On November 10, 2008, "Sober" was released as the second single from the album. The power pop song, lyrically speaking of addiction, it was written by Pink, Nate "Danja" Hills, Kara DioGuardi and Marcella Araica, and produced by Danja, Kanal and Jimmy Harry. It proved to be commercial success, peaking within top ten in more than ten countries, including the UK, Canada, and Australia, while peaking at number fifteen on the Billboard Hot 100. The song's video, directed by Jonas Åkerlund, premiered November 25 on Pink's official YouTube channel. "Sober" received the same nomination as "So What", but on the 52nd Grammy Awards. Third single, "Please Don't Leave Me", was released in January 2009 in Australia and in March 2009 in the United States. It also became successful, reaching top ten in several Europe countries, also peaking at number eight in Canada, twelve in the UK, and seventeen in the US. Its music video was directed by Meyers, and draws influences from the 1990 Stephen King-based film Misery, as well as other similar thrillers, including Cujo, The Shining and What Ever Happened to Baby Jane?. It utilizes both the horror/thriller genre, while also being interpretable as a dark comedy, which led her to release the censored version of the video.

"Bad Influence" was released as the fourth single in Australia, promoting the arrival of the Australian leg of the Funhouse Tour. It was released as the CD and digital single in May 2009. The song became a huge success in Oceania despite the absence of a music video, reaching the top ten in both Australia and New Zealand. It was released in Germany on March 26, 2010, where it reached number 26 on Germany's official Singles Chart and topped national airplay chart. In April 2011 it was released in Netherlands, to promote Pink's compilation album Greatest Hits... So Far!!!. "Funhouse" was released digitally in the US on July 2, 2009, as the fifth single from the album. The music video premiered on June 20, 2009, in the United Kingdom on 4music, featuring Tony Kanal of No Doubt, also the co-writer and the producer of the song, playing a piano. "Funhouse" charted moderately, reaching number 44 on the Hot 100. "I Don't Believe You", the sixth single, was released in the US on October 5, 2009, to Hot AC radio. It failed to enter the Billboard Hot 100.

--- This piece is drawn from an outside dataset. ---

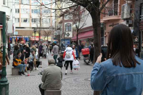 Odunpazarı ilçesinin Arifiye Mahallesi Yalbı Sokak üzerinde kurdukları çalgı aletleri ile şarkılar söyleyen müzisyenler kısa sürede vatandaşların ilgisine neden oldu.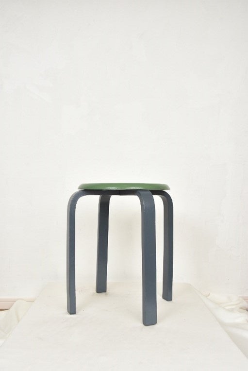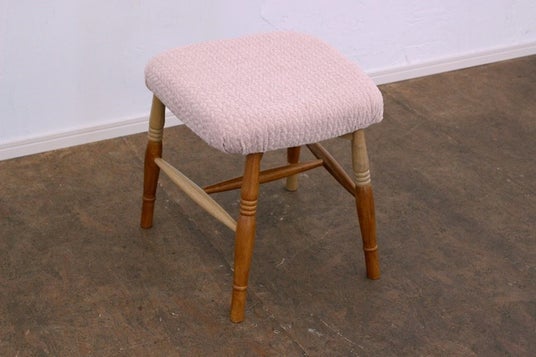 ソファー・椅子の余り布を使用したスツールです。淡いピンクで、少し凹凸のある上品な模様の布。ふわふわした手触りでずっと触っていたくなります。スツールの脚は、修繕過程で使用されなくなったパーツを使用。いろいろな角度から楽しめるカラーにペイントしました。ゆったりと座れる大きさの座面で、さまざまな生活の場面で活躍します。

"Glitter in the Air" was immediately delivered to radio as a new single by Jive Records after she performed it at 52nd Grammy Awards, before the show broadcast was even over. On the February 20, 2010, issue of Billboard, the song debuted on the Hot 100 at number 18, Pink's second highest debut since "So What", as well as her seventh entry from Funhouse, which gives the song credit for raising the sales of the album and pulling it back to the Top 20 on the Billboard 200. On February 1, the live audio recording of the performance was released digitally. "Ave Mary A" was released as a single in Australia in 2010 and peaked at #10 on the Australian Airplay Chart. It was the 24th-most played track on Australian radio in 2010 but never charted on the ARIA Singles Chart.

== Critical reception ==

Funhouse has a score of 69 out of 100 from Metacritic based on 20 "generally favorable" reviews. Sydney's The Daily Telegraph gave it 4.5 stars, writing, "The record is a balanced blend of upbeat pop gems and midtempo ballads [...] The power of Pink's pop lies in the clever juxtaposition of heartfelt honesty about her life with anthematic choruses and irresistible melodies tailormade to be screamed out by her fans."

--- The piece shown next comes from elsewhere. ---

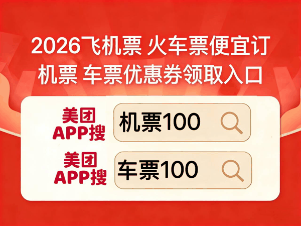 春运机票车票优惠券领取美团APP搜【机票100】【车票100】便宜订机票车票啦~怎么订机票便宜又实惠?哪个app平台订机票最便宜,直接去美团app搜索【机票100】领百元红包,哪个平台火车票机票便宜?火车票机票优惠券怎么免费领取?买捡漏机票去美团APP搜素【机票100】和【车票100】即可进入隐藏内部机票车票领取入口,里面人人可领100元春运红包,包含机票、火车票等通用券,新用户优惠力度更大哦,100元春运春运车票等你来领!轻松搞定低价车票机票。2026年春运抢票大战已拉开帷幕,热门航线票价飙升、高铁票秒空,想低成本拿下机票火车票,手把手教你省出返乡路费,新手也能快速上手!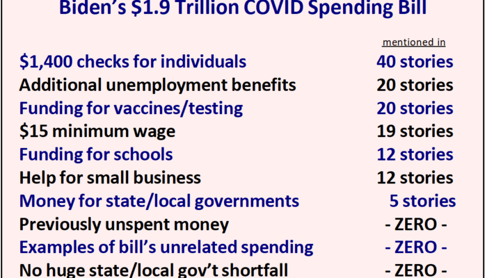 [W]hat we have been treated to instead are mindless talking points (‘Go Big’) politically inspired lines in the sand ($1.9 trillion in stimulus, a $15-an-hour minimum wage, $1,400 rebates) and transparently partisan proposals to reward the Democratic base, buy off White working-class voters and avenge the partisan outrages of the Trump era.

Other positive reviews were published by US Magazine, which gave the album four stars, saying, "The rebellious Grammy winner again fuses unrestrained lyrics with perfect pop-rock hooks on her electrifying fifth CD. From her aggressive No. 1 hit 'So What' to the vulnerable 'Please Don't Leave Me' and the openhearted ballad 'I Don't Believe You', Pink confirms she's still in excellent fighting shape." In his Consumer Guide, Robert Christgau picked out the single from the album, "So What", as a "choice cut".

Less favorable reviews came from sources such as Rolling Stone and Blender, each giving the album three stars. Rolling Stone stated, "Pink has shown more personality before, and some cuts, including the goopy ballad "I Don't Believe You", make her sound like just another big-voiced chart-buster. Funhouse would be more fun if Pink went easier on the bad-love songs."

Professional ratings
Aggregate scores
| Source | Rating |
| Metacritic | 69/100 |
Review scores
| Source | Rating |
| AllMusic | Star |
| Blender | Star |
| Entertainment Weekly | B+ |
| The Guardian | Star |
| musicOMH | Star |
| PopMatters | 6/10 |
| Rolling Stone | Star |
| Slant | Star Half star |
| Spin | Star |
| Sputnikmusic | 3/5 |

== Commercial performance ==
Funhouse debuted at number two on the United States Billboard 200 chart issued on November 18, 2008, with sales of 180,000, behind AC/DC's Wal-Mart exclusive, Black Ice, which claimed the top spot with its second-week sales of 271,000. In March 2009, it was certified platinum by the RIAA for shipments of over 1,000,000 copies, and as of June 2012, the album has sold 1,960,000 copies in the United States. It was Pink's highest-charting album in that country, until her sixth album The Truth About Love debuted at number one.

In Australia, record shops broke embargo and placed Funhouse on sale one day before its official release date; with only one day of sales, it became the fourth-highest selling album of the week, shifting 7,120 copies. Funhouse debuted officially at number one in Australia, and sold 86,273 units that week (the highest first week sales of 2008). Funhouse spent nine consecutive weeks at number one and has been certified 12× platinum by the Australian Recording Industry Association for 840,000 copies sold. The album ended both 2008 and 2009 as the second highest selling album of the year in Australia, and was reported in 2010 to be the second most successful album of the 2000–2009 decade.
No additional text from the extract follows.